━━━━━ EXTRACTED ENTRIES

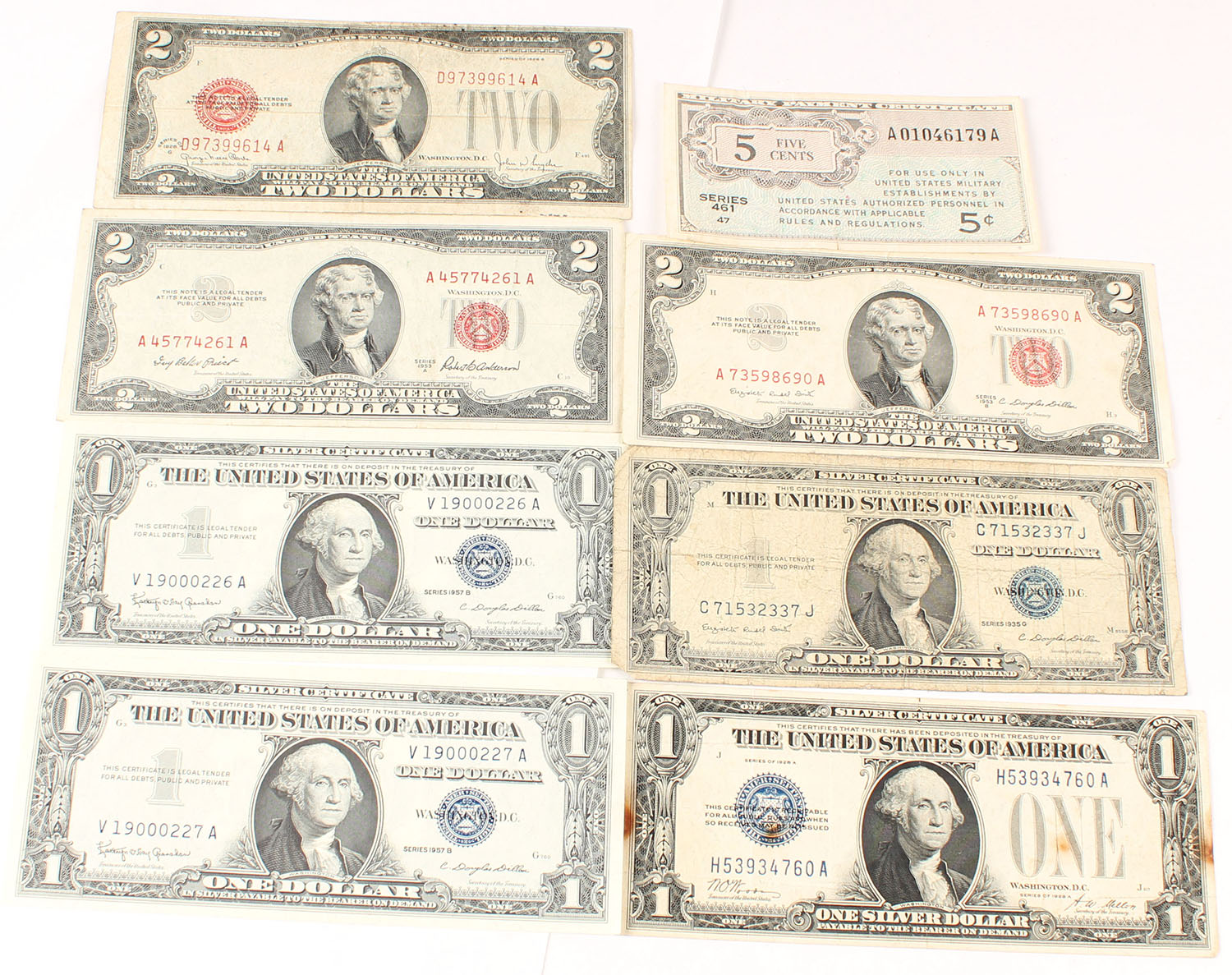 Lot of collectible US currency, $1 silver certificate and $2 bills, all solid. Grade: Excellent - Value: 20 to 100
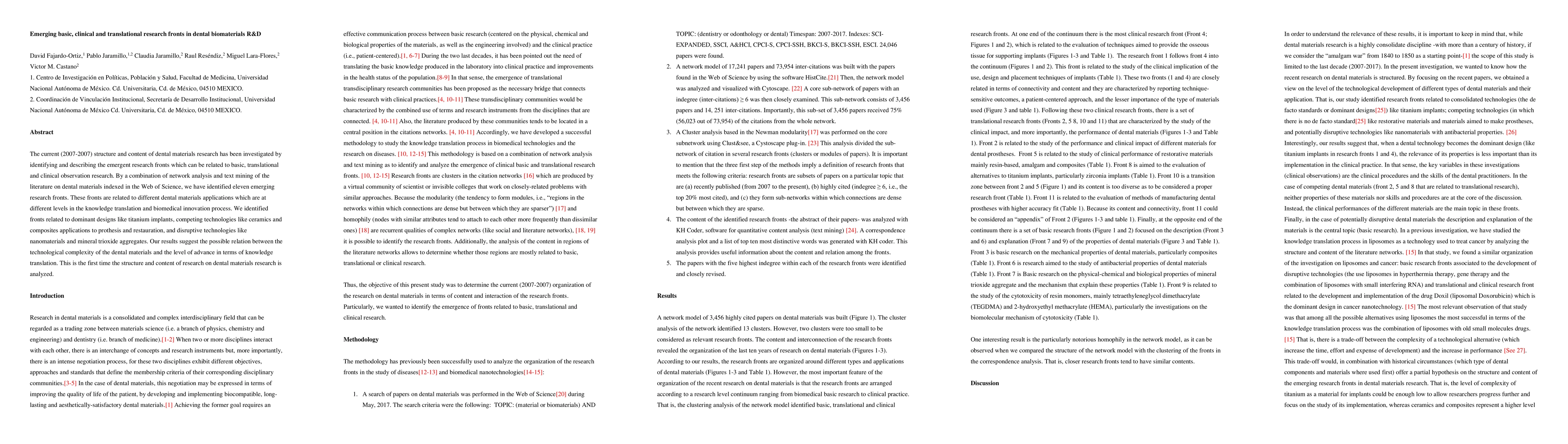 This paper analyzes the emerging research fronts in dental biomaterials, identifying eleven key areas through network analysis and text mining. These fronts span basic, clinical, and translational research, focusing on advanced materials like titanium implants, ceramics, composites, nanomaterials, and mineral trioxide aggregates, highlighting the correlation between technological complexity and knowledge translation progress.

━━━━━━━━━━
━━━━━ EXTRACTED ENTRIES

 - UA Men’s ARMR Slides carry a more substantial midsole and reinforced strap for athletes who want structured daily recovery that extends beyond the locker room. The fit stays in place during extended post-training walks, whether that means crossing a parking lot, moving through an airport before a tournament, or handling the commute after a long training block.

━━━━━━━━━━
━━━━━ EXTRACTED ENTRIES

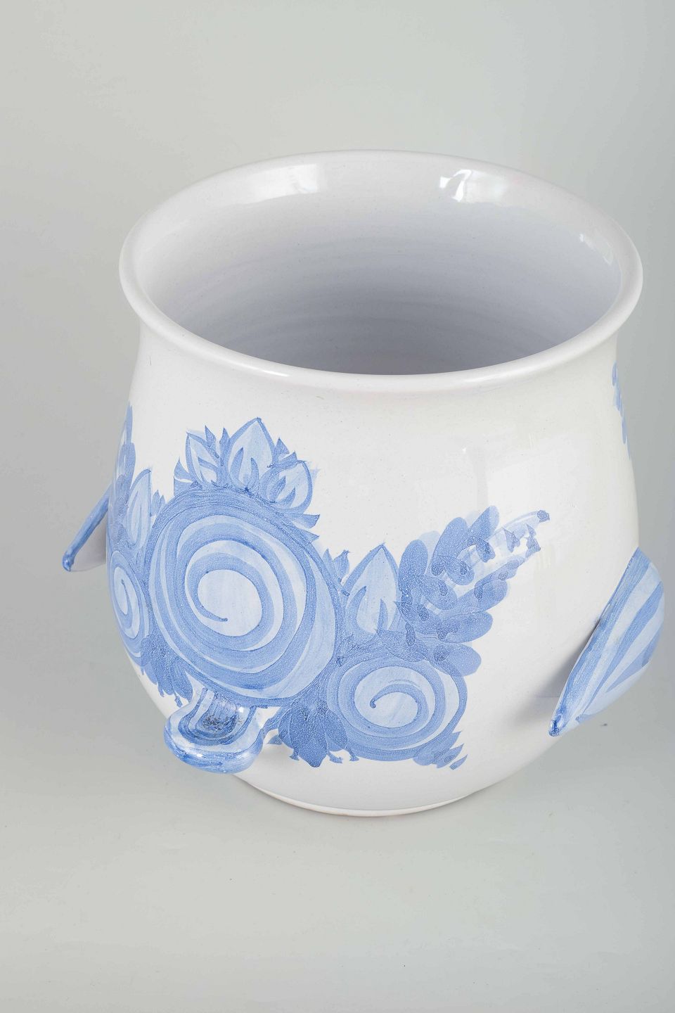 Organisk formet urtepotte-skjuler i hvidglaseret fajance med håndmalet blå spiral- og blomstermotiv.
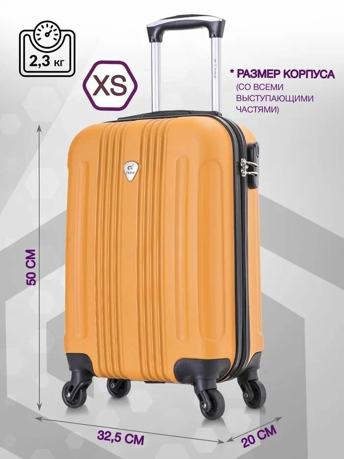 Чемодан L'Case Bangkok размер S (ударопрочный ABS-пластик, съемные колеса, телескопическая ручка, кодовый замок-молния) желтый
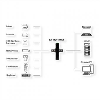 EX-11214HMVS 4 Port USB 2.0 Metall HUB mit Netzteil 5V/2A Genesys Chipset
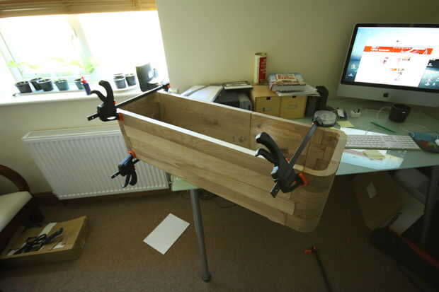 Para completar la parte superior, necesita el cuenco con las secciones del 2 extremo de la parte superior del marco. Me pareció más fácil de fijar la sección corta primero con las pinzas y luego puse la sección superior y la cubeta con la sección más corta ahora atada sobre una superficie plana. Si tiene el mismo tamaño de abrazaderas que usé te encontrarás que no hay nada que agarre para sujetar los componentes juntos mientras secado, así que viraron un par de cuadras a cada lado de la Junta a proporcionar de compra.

━━━━━━━━━━

INSTRUCTIONS TO FOLLOW: Copy nothing but the lines above from the one with "Чемодан L'Case Bangkok" to the one with "EX-11214HMVS 4 Port", inclusive, word for word. Leave every picture out.

SOLUTION FOR THIS TASK:
 Чемодан L'Case Bangkok размер S (ударопрочный ABS-пластик, съемные колеса, телескопическая ручка, кодовый замок-молния) желтый
 EX-11214HMVS 4 Port USB 2.0 Metall HUB mit Netzteil 5V/2A Genesys Chipset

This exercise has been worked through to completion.